Nas. Danni al Ssn per 31 milioni. Forti irregolarità nell’attività medica intra ed extramoenia

Nas. Danni al Ssn per 31 milioni. Forti irregolarità nell’attività medica intra ed extramoenia

Nas. Danni al Ssn per 31 milioni. Forti irregolarità nell’attività medica intra ed extramoenia
Ecco tutte le irregolarità registrate dai Nas nel 2011. Denunciate 300 persone per vari reati. Frequente l'abusivismo nella professione medica. Sotto mira anche la libera professione con 356 medici denunciati per illeciti. Balduzzi: "La buona politica faccia la sua parte".

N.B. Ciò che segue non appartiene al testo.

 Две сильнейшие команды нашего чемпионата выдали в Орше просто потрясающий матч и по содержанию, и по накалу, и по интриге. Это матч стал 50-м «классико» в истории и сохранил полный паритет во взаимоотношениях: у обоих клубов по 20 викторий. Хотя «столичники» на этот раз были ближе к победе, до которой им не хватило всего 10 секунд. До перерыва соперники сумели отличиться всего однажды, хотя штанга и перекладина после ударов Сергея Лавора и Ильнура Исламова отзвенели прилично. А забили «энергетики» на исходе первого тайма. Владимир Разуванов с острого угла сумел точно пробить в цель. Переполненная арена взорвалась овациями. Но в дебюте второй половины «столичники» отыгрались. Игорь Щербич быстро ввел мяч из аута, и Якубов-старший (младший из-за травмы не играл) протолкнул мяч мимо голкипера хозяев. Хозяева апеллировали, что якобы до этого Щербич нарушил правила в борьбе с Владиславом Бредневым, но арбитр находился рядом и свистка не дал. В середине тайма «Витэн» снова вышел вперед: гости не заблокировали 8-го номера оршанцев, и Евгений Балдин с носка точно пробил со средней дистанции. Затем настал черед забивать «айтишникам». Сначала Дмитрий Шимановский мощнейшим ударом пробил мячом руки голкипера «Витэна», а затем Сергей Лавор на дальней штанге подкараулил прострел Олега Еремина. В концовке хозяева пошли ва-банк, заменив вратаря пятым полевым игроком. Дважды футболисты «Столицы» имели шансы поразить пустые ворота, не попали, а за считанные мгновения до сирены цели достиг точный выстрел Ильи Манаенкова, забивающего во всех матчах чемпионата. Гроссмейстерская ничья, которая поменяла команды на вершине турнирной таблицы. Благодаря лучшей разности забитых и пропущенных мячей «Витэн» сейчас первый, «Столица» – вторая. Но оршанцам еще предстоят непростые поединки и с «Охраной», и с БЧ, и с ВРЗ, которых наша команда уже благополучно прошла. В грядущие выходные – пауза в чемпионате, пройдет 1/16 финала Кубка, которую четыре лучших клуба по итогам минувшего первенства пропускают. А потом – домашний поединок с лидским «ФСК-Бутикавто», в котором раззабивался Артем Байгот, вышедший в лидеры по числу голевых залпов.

Il Ministro della Salute Renato Balduzzi ha diffuso una nota con la quale "ringrazia i Carabinieri del Nas per la preziosa opera di contrasto all’illegalità nel Servizio Sanitario Nazionale".
 
“I Carabinieri – sottolinea – hanno fatto la loro parte. La buona politica e la buona amministrazione devono fare la propria. Le regole ci sono, ma il sistema di controlli può ancora migliorare. Per questo occorre impegno maggiore della buona politica e della buona amministrazione, perché chi ruba al Sistema Sanitario Nazionale sottrae non  solo risorse, ma diritti a tutti i cittadini e in  particolare a chi è più debole e bisognoso di cure appropriate”.

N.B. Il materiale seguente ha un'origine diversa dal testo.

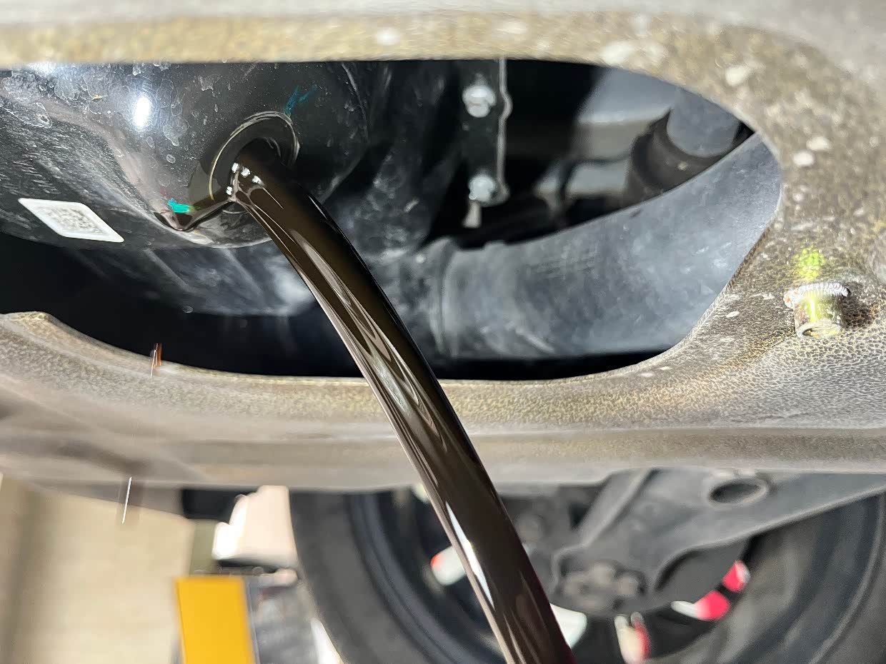 定量加新油,倒入机油加注套装,此次加注4.2L(4QT+1/3QT),放置好机油加注套装,开始加机油;

Ecco di seguito i risultati dell’attività dei Carabinieri per la tutela della salute, al comando del Gen. Cosimo Piccinno, come riportati dal ministero:
– 31 milioni di euro sottratti al Servizio Sanitario Nazionale. E’ la cifra del danno all’erario constato dal Carabinieri del N.A.S. nel 2011.
– I Carabinieri hanno avviato una serie di controlli per contrastare l’indebita lievitazione della spesa sanitaria.
– 300 persone sono state denunciate all’Autorità giudiziaria ordinaria e alla Magistratura contabile.
– Le irregolarità più frequenti sono: false diagnosi che comportano oneri maggiori; peculato e falso in referti di analisi; corruzione e truffa; prescrizioni fittizie o iperprescrizioni di farmaci ad alto costo; gare di appalto artefatte; assenteismo.
– Altre irregolarità hanno riguardato l’esercizio abusivo della professione medica, la tenuta non corretta del registro degli stupefacenti, l’utilizzo di reagenti scaduti e il riutilizzo di dispositivi monouso.
– Sono stati denunciati all’Autorità giudiziaria, in stato di libertà, 356 medici: 337 per illeciti commessi in regime di intramoenia e 19 per attività extramoenia. In particolare per aver preso denaro da visite effettuate per conto dell’azienda ospedaliera; per aver indotto pazienti a sottoporsi a cure a pagamento in studi privati.

Sulla base delle indagini dei Carabinieri – informa infine il ministero della Salute – diverse Procure ordinarie e contabili hanno predisposto il sequestro di beni per 10 milioni di euro: abitazioni, auto, quote societarie, conti correnti e attrezzature mediche.